1. **Critical Applications**:

   - Financial transactions, sensitive data processing.

   - Losing or reprocessing messages is unacceptable.

2. **Batch Processing**:

   - After processing a batch, commit the offsets to avoid reprocessing.

3. **Error Recovery**:

   - For fallback mechanisms when `commitAsync` fails.

4. **Low Message Throughput**:

   - Suitable when a slight latency is acceptable due to lower message volumes.



### **Advantages**

- Guarantees offsets are committed successfully.

- Simplifies error handling.



### **Disadvantages**

- Slower due to blocking nature, impacting performance.



---



## **When to Use `commitAsync`**



The `commitAsync` method commits offsets without blocking, allowing the consumer to continue processing messages immediately.



### **Use Cases**

1. **High Throughput Applications**:

   - Systems prioritizing performance, such as analytics or logging.

2. **Non-Critical Applications**:

   - Occasional duplicate processing is acceptable.

3. **Performance-Critical Scenarios**:

   - Reduces latency caused by blocking calls.

4. **Frequent Offset Commit**:

   - Suitable when offsets need frequent updates.



### **Advantages**

- High performance with non-blocking behavior.

- Ideal for low-latency requirements.



### **Disadvantages**

- No guarantee of successful offset commits.

- Requires additional error handling.



---



## **Combining `commitSync` and `commitAsync`**



For most applications, you can combine both methods to balance performance and reliability:

1. **Use `commitAsync`** during normal operation to optimize throughput.

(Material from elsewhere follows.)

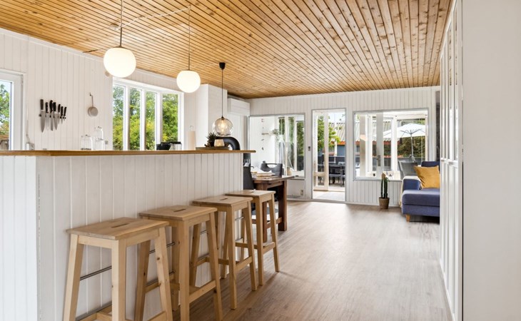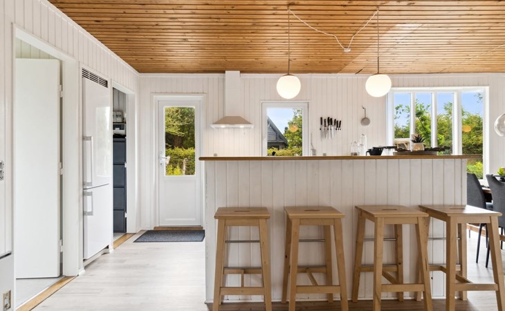 Einfamilienhaus, Baujahr 1969. 280 m vom Meer. Zur Alleinbenutzung: Grundstück 829 m2, gepflegter Garten. Grill, Kinderspielplatz. Im Hause: Trampolin, Waschmaschine. Parkplatz beim Haus. Lebensmittelgeschäft 2 km. Der Besitzer akzeptiert keine Jugendgruppen.

2. **Use `commitSync`** during shutdown or critical moments to ensure offsets are safely committed.



---



## **Sample Code**



```java

try {

    while (true) {

        ConsumerRecords records = consumer.poll(Duration.ofMillis(1000));

        

        // Process messages

        for (ConsumerRecord record : records) {

            System.out.printf("Consumed message: key=%s, value=%s, offset=%d%n", 

                record.key(), record.value(), record.offset());

        }



        // Commit offsets asynchronously for performance

        consumer.commitAsync((offsets, exception) -> {

            if (exception == null) {

                System.out.println("Offsets committed asynchronously: " + offsets);

            } else {

                System.err.println("Commit failed: " + exception.getMessage());

            }

        });

    }

} catch (Exception e) {

    System.err.println("Error during consumption: " + e.getMessage());

} finally {

    try {

        // Ensure final offsets are committed synchronously before shutdown

        consumer.commitSync();

        System.out.println("Offsets committed synchronously during shutdown.");

    } catch (Exception ex) {

        System.err.println("Error during final commit: " + ex.getMessage());

    } finally {

        consumer.close();

    }

}

```



---



## **Decision Guide**



| **Criteria**                 | **Use `commitSync`**                    | **Use `commitAsync`**                 |

|------------------------------|-----------------------------------------|---------------------------------------|

| **Consistency Requirements** | Critical for consistency               | Consistency is less critical          |

| **Throughput**               | Lower throughput acceptable            | High throughput required              |

| **Message Importance**       | Loss of messages is unacceptable       | Occasional duplicate processing okay  |

| **Application Type**         | Financial transactions, critical data  | Analytics, logging, non-critical data |



---



## **Best Practices**

1. **Logging in `commitAsync`**:

   - Always provide a callback to handle commit failures for visibility.

2. **Graceful Shutdown**:

   - Use `commitSync()` before shutting down the consumer to avoid data loss.

3. **Retry Logic**:

   - Combine `commitAsync` with fallback logic using `commitSync` in case of repeated failures.



By understanding the trade-offs and combining these methods as needed, you can ensure your Kafka consumer application is both efficient and reliable.